• [Problem]:
Your answer should hold exactly the lines below from the line with "Esse homem sortudo" through the line with "1cm/s -75T +10cm/s", both included, and no pictures at all.

• [Study material]:
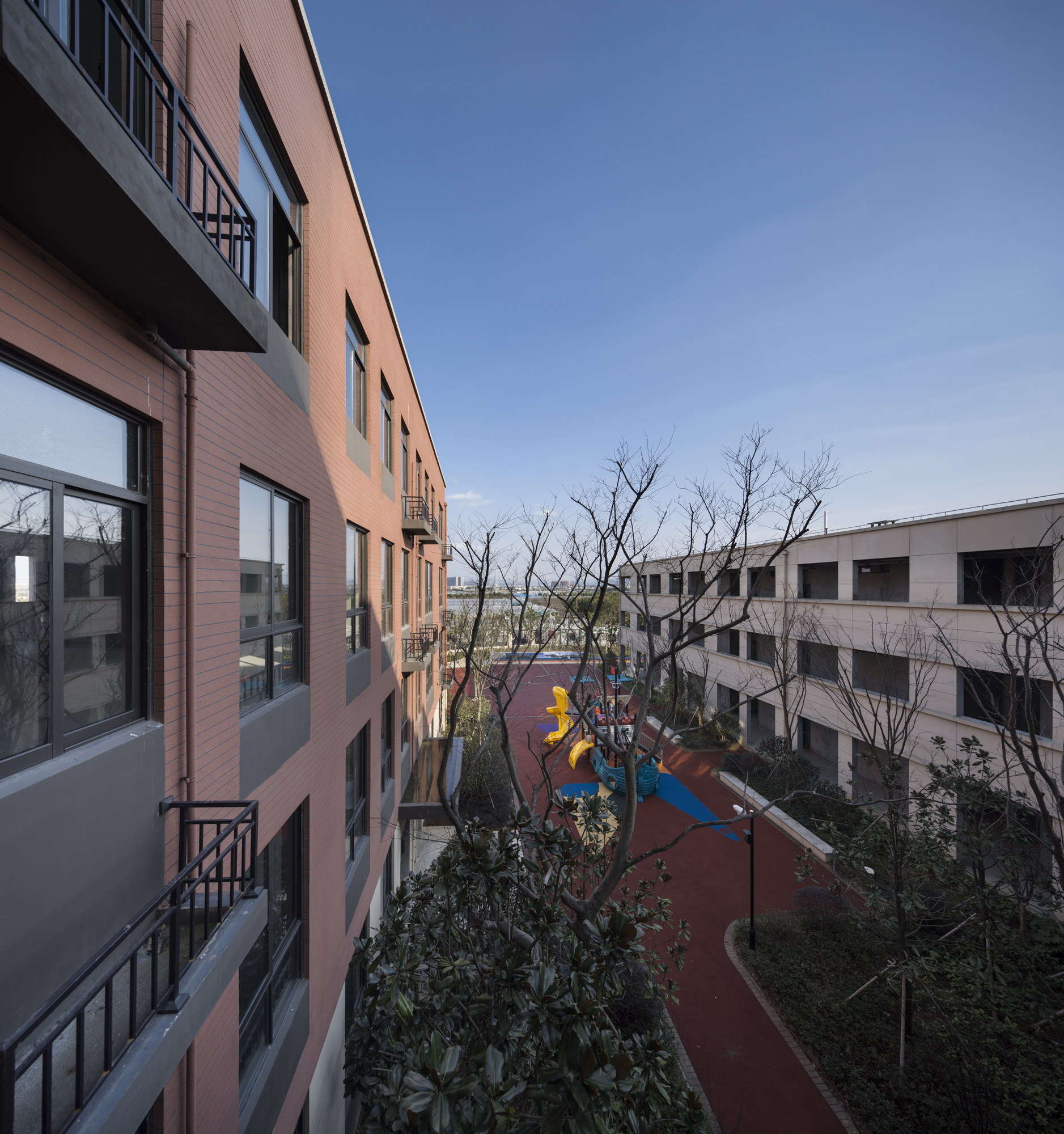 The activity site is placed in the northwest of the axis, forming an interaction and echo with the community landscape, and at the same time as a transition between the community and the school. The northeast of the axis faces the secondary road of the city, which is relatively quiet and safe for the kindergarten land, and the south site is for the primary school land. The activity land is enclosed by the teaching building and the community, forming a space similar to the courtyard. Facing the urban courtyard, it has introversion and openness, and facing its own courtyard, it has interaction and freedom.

---

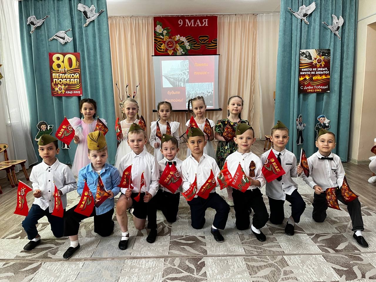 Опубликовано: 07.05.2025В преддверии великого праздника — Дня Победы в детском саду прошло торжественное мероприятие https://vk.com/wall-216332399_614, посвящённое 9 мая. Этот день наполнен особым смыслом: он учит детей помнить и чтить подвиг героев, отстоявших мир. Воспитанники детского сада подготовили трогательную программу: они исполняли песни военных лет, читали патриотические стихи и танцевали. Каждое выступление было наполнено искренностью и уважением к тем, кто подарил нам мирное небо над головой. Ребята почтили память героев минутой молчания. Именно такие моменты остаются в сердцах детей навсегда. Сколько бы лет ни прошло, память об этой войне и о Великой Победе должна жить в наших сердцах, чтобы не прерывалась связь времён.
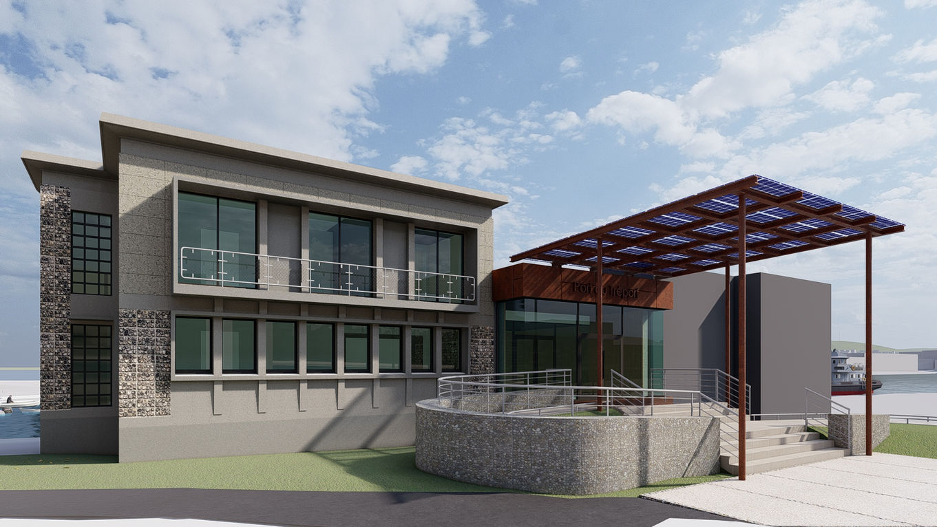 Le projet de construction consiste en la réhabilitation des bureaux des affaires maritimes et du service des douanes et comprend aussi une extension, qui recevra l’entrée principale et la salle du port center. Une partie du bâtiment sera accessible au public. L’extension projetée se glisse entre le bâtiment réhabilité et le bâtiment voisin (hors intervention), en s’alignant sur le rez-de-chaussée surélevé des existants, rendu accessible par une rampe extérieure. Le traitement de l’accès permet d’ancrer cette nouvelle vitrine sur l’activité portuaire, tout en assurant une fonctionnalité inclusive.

==

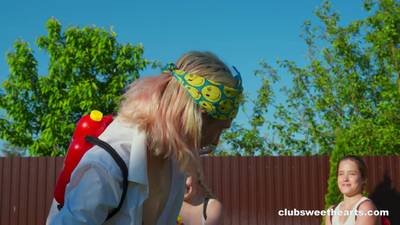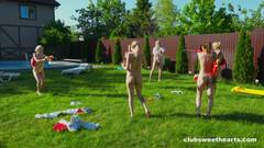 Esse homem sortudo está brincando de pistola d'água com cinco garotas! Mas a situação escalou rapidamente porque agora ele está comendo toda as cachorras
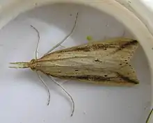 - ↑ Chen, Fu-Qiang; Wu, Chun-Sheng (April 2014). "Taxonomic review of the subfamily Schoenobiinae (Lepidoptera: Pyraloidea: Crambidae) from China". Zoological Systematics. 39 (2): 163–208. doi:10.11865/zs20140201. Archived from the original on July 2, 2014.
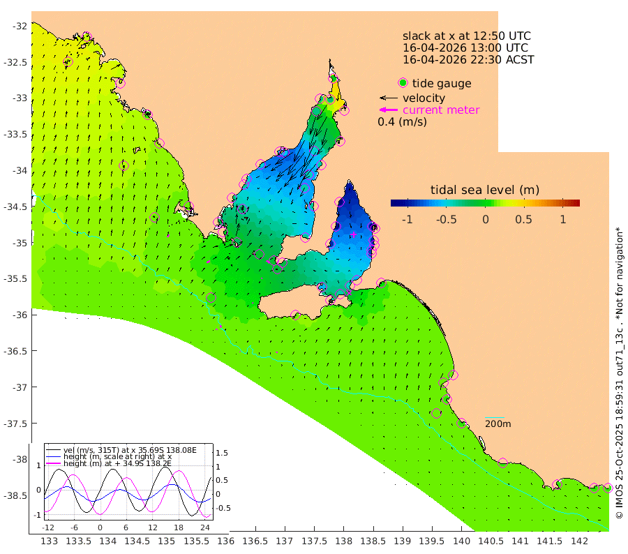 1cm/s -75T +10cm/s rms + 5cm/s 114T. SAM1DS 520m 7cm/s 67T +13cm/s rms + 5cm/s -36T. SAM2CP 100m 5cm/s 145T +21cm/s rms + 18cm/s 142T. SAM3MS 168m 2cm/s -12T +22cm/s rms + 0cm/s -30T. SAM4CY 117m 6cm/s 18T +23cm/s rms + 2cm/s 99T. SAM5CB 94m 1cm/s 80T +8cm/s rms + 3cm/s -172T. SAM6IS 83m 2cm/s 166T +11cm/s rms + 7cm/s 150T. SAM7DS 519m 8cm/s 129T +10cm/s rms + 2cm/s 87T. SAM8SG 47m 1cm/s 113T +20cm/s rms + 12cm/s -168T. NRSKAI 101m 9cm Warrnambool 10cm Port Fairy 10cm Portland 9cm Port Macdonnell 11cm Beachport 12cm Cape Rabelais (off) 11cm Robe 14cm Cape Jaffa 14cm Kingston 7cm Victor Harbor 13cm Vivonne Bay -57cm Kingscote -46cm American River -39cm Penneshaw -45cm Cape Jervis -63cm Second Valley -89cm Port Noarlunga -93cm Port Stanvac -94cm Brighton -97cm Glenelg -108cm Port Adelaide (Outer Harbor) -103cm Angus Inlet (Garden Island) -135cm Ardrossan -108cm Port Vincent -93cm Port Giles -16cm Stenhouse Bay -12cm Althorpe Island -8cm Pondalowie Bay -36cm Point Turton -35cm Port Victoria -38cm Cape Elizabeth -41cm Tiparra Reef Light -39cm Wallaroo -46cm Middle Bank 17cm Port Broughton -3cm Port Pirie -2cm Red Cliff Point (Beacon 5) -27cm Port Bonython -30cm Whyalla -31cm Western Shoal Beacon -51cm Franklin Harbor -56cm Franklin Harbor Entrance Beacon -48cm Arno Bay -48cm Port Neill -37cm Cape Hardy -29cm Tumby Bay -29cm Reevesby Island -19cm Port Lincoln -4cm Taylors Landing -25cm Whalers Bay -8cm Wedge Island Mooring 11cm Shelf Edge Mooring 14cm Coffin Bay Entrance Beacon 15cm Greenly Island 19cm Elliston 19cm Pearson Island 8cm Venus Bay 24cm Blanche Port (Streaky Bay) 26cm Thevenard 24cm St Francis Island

• [Task response]:
 Esse homem sortudo está brincando de pistola d'água com cinco garotas! Mas a situação escalou rapidamente porque agora ele está comendo toda as cachorras
 - ↑ Chen, Fu-Qiang; Wu, Chun-Sheng (April 2014). "Taxonomic review of the subfamily Schoenobiinae (Lepidoptera: Pyraloidea: Crambidae) from China". Zoological Systematics. 39 (2): 163–208. doi:10.11865/zs20140201. Archived from the original on July 2, 2014.
 1cm/s -75T +10cm/s rms + 5cm/s 114T. SAM1DS 520m 7cm/s 67T +13cm/s rms + 5cm/s -36T. SAM2CP 100m 5cm/s 145T +21cm/s rms + 18cm/s 142T. SAM3MS 168m 2cm/s -12T +22cm/s rms + 0cm/s -30T. SAM4CY 117m 6cm/s 18T +23cm/s rms + 2cm/s 99T. SAM5CB 94m 1cm/s 80T +8cm/s rms + 3cm/s -172T. SAM6IS 83m 2cm/s 166T +11cm/s rms + 7cm/s 150T. SAM7DS 519m 8cm/s 129T +10cm/s rms + 2cm/s 87T. SAM8SG 47m 1cm/s 113T +20cm/s rms + 12cm/s -168T. NRSKAI 101m 9cm Warrnambool 10cm Port Fairy 10cm Portland 9cm Port Macdonnell 11cm Beachport 12cm Cape Rabelais (off) 11cm Robe 14cm Cape Jaffa 14cm Kingston 7cm Victor Harbor 13cm Vivonne Bay -57cm Kingscote -46cm American River -39cm Penneshaw -45cm Cape Jervis -63cm Second Valley -89cm Port Noarlunga -93cm Port Stanvac -94cm Brighton -97cm Glenelg -108cm Port Adelaide (Outer Harbor) -103cm Angus Inlet (Garden Island) -135cm Ardrossan -108cm Port Vincent -93cm Port Giles -16cm Stenhouse Bay -12cm Althorpe Island -8cm Pondalowie Bay -36cm Point Turton -35cm Port Victoria -38cm Cape Elizabeth -41cm Tiparra Reef Light -39cm Wallaroo -46cm Middle Bank 17cm Port Broughton -3cm Port Pirie -2cm Red Cliff Point (Beacon 5) -27cm Port Bonython -30cm Whyalla -31cm Western Shoal Beacon -51cm Franklin Harbor -56cm Franklin Harbor Entrance Beacon -48cm Arno Bay -48cm Port Neill -37cm Cape Hardy -29cm Tumby Bay -29cm Reevesby Island -19cm Port Lincoln -4cm Taylors Landing -25cm Whalers Bay -8cm Wedge Island Mooring 11cm Shelf Edge Mooring 14cm Coffin Bay Entrance Beacon 15cm Greenly Island 19cm Elliston 19cm Pearson Island 8cm Venus Bay 24cm Blanche Port (Streaky Bay) 26cm Thevenard 24cm St Francis Island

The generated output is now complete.